* Work item
Leave out the images and return all the data word for word.

* Exercise data
----
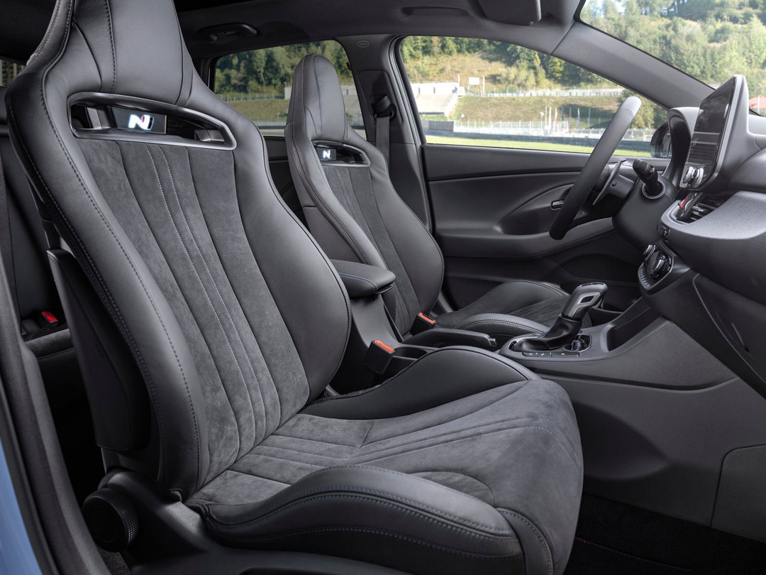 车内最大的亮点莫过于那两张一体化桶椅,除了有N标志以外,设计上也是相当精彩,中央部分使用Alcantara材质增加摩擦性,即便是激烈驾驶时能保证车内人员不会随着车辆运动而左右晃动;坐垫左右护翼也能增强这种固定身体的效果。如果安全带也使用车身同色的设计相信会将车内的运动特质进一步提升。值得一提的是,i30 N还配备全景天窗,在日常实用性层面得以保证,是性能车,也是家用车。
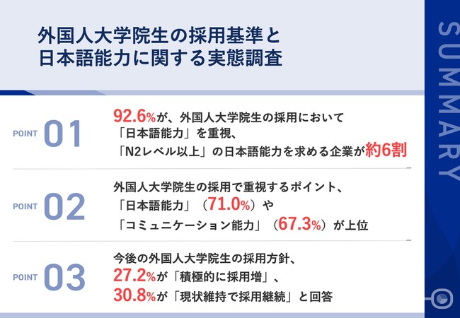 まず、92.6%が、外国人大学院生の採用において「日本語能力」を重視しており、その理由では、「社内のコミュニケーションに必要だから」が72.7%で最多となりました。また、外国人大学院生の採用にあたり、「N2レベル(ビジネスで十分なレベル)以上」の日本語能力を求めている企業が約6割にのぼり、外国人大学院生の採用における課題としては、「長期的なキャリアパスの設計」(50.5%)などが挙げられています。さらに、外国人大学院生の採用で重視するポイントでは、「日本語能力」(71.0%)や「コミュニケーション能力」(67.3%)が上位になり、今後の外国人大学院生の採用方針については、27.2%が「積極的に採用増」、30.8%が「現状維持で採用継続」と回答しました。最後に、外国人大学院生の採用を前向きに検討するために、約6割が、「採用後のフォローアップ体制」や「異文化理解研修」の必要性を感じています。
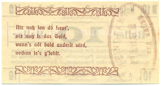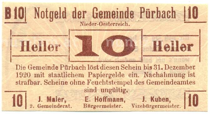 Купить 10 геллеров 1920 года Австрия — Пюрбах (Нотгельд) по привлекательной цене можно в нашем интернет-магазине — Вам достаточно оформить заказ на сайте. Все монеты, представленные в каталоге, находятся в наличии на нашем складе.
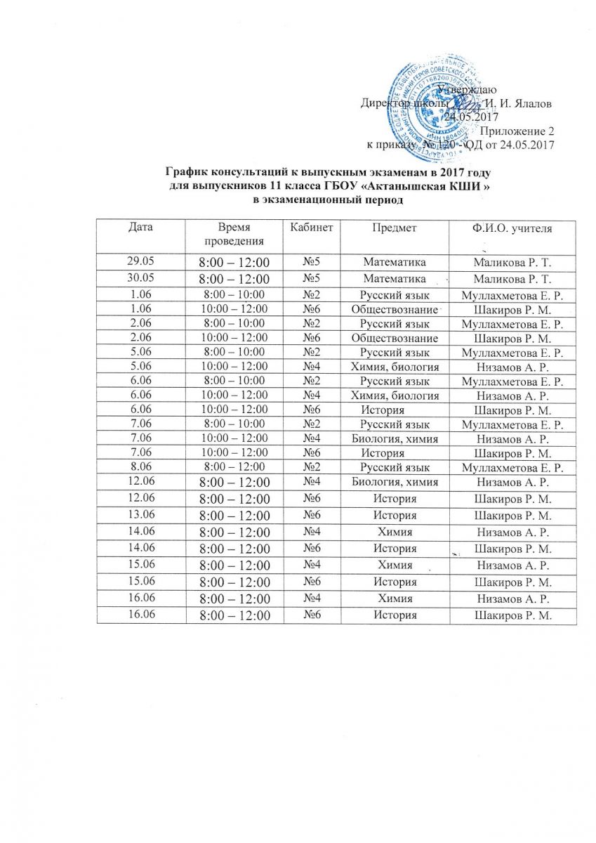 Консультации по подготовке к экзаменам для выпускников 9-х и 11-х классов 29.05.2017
----
* Solution to this problem
 车内最大的亮点莫过于那两张一体化桶椅,除了有N标志以外,设计上也是相当精彩,中央部分使用Alcantara材质增加摩擦性,即便是激烈驾驶时能保证车内人员不会随着车辆运动而左右晃动;坐垫左右护翼也能增强这种固定身体的效果。如果安全带也使用车身同色的设计相信会将车内的运动特质进一步提升。值得一提的是,i30 N还配备全景天窗,在日常实用性层面得以保证,是性能车,也是家用车。
 まず、92.6%が、外国人大学院生の採用において「日本語能力」を重視しており、その理由では、「社内のコミュニケーションに必要だから」が72.7%で最多となりました。また、外国人大学院生の採用にあたり、「N2レベル(ビジネスで十分なレベル)以上」の日本語能力を求めている企業が約6割にのぼり、外国人大学院生の採用における課題としては、「長期的なキャリアパスの設計」(50.5%)などが挙げられています。さらに、外国人大学院生の採用で重視するポイントでは、「日本語能力」(71.0%)や「コミュニケーション能力」(67.3%)が上位になり、今後の外国人大学院生の採用方針については、27.2%が「積極的に採用増」、30.8%が「現状維持で採用継続」と回答しました。最後に、外国人大学院生の採用を前向きに検討するために、約6割が、「採用後のフォローアップ体制」や「異文化理解研修」の必要性を感じています。
 Купить 10 геллеров 1920 года Австрия — Пюрбах (Нотгельд) по привлекательной цене можно в нашем интернет-магазине — Вам достаточно оформить заказ на сайте. Все монеты, представленные в каталоге, находятся в наличии на нашем складе.
 Консультации по подготовке к экзаменам для выпускников 9-х и 11-х классов 29.05.2017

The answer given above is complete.